DESCRIPTION OF THE TASK: When you return the lines below, go from the first through the line with "English Ambassadors organize", keep them exact, and leave out every picture.

Stored entries:
········

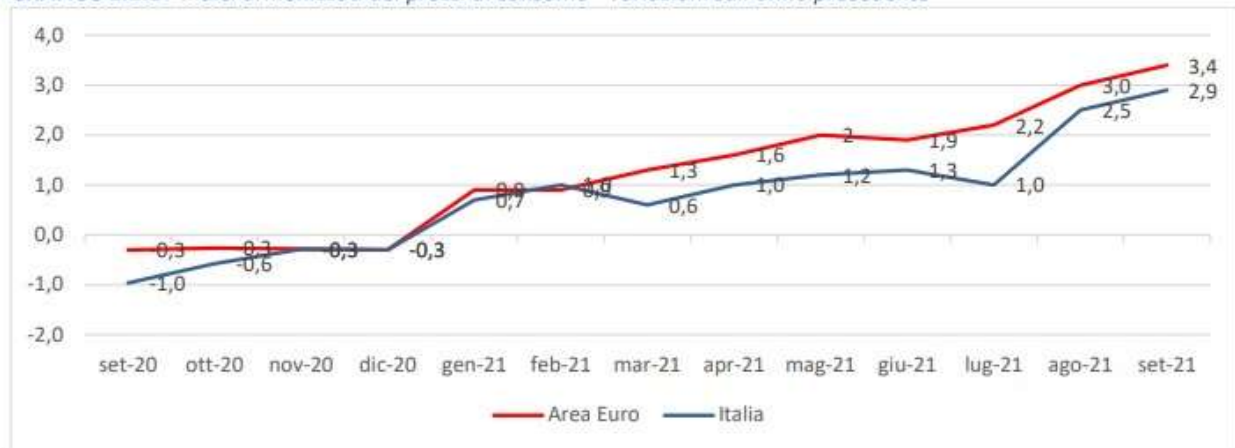
GRAFICO 1.1.1 - Indici armonizzati dei prezzi al consumo - variazioni sull'anno precedente
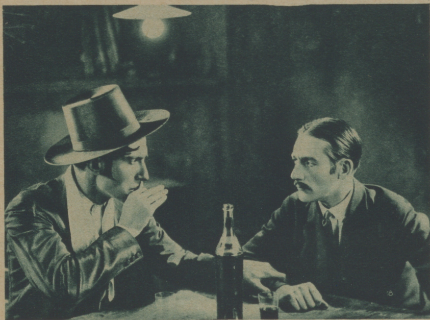
EN LA TABERNA DE «EL TRIANERO» SE BEBE, SE BAILA Y SE CANTA; PERO EN EL AMBIENTE Y EN LAS MIRADAS HAY COMO EL PRESAGIO DE ALGO TERRIBLE
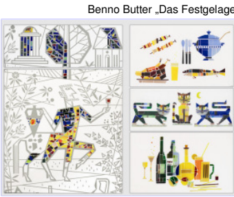
Benno Butter „Das Festgelage“
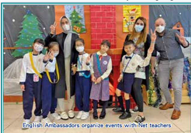
English Ambassadors organize events with Net teachers

The English Ambassadors inspire a love for language leadership, as they organize events and activities to foster a community of language lovers.
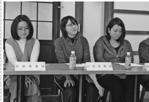
意欲的に意見交換する若手職人ら
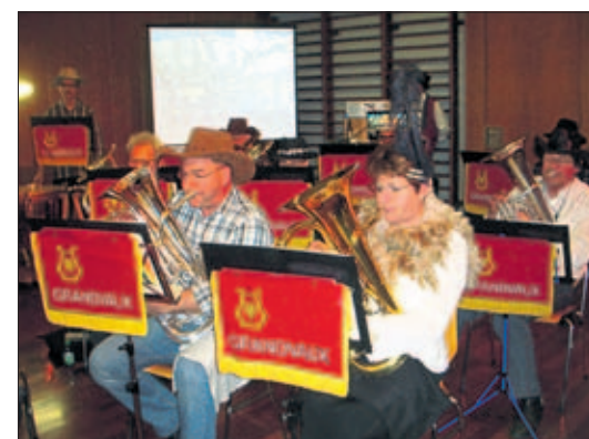
Voyage aux USA

P our ses concerts 2015, et selon ses habitudes, la Fanfare de Grandvaux a émigré tout d'abord à Paudex puis à Aran samedi et dimanche derniers. Rompant avec la tradition, ce n'est pas sur scène, mais bien sur le parquet de la salle communale de la cité du coq que les 30 musiciens ont réjoui un public fidèle, mais quelque peu clairsemé, avec un programme populaire. La seconde partie du programme a fait voyager musiciens et public sur des airs américains ponctués de vues typiques des USA. Introduites avec humour, voire poésie, les pièces choisies ont conquis l'auditoire.
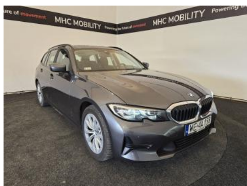
Fot. 3 Przekątna przednia prawa
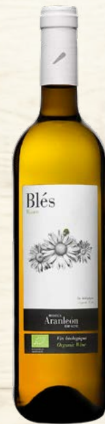
BLÉS BLANCO VALENCIA (DO) 60 % Macabeo, 40 % Sauvignon Blanc
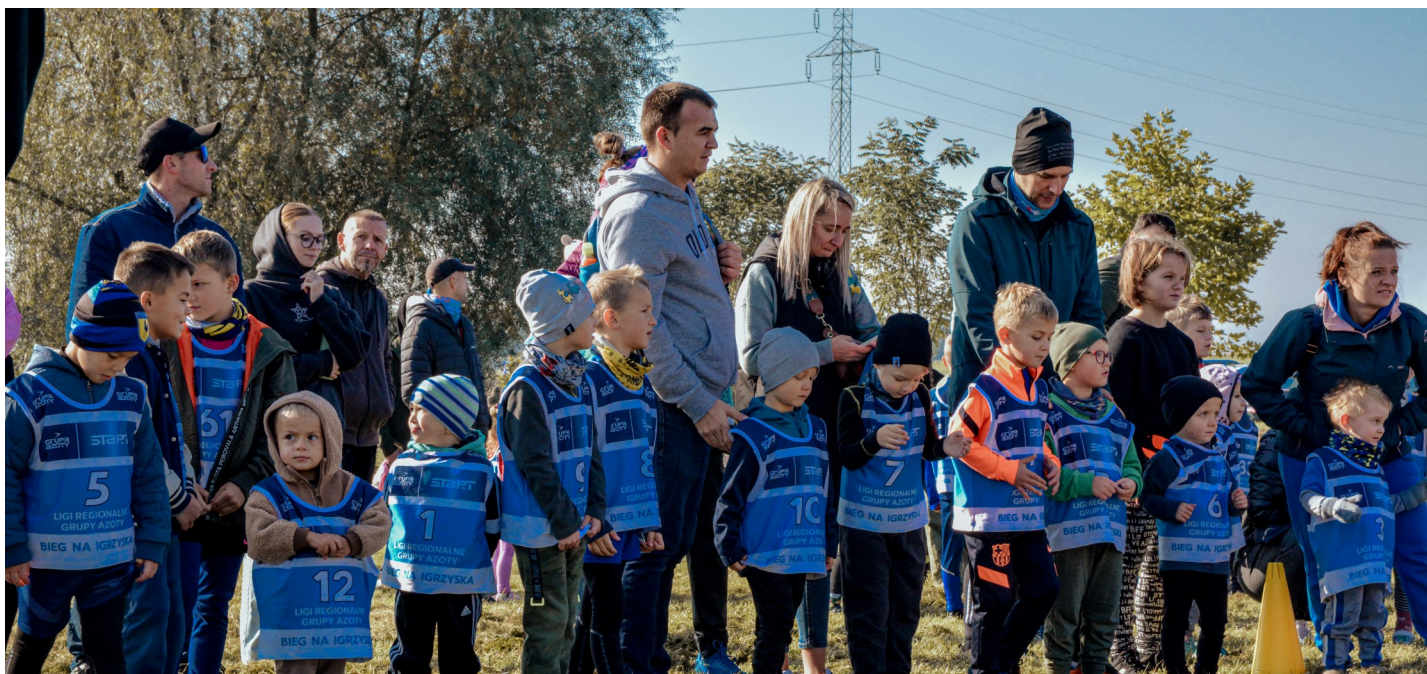
Najmłodsza grupa chłopców uczestniczących w 26. Biegu o Puchar Wójta Gminy Marklowice

········

WRITTEN SOLUTION:
GRAFICO 1.1.1 - Indici armonizzati dei prezzi al consumo - variazioni sull'anno precedente
EN LA TABERNA DE «EL TRIANERO» SE BEBE, SE BAILA Y SE CANTA; PERO EN EL AMBIENTE Y EN LAS MIRADAS HAY COMO EL PRESAGIO DE ALGO TERRIBLE
Benno Butter „Das Festgelage“
English Ambassadors organize events with Net teachers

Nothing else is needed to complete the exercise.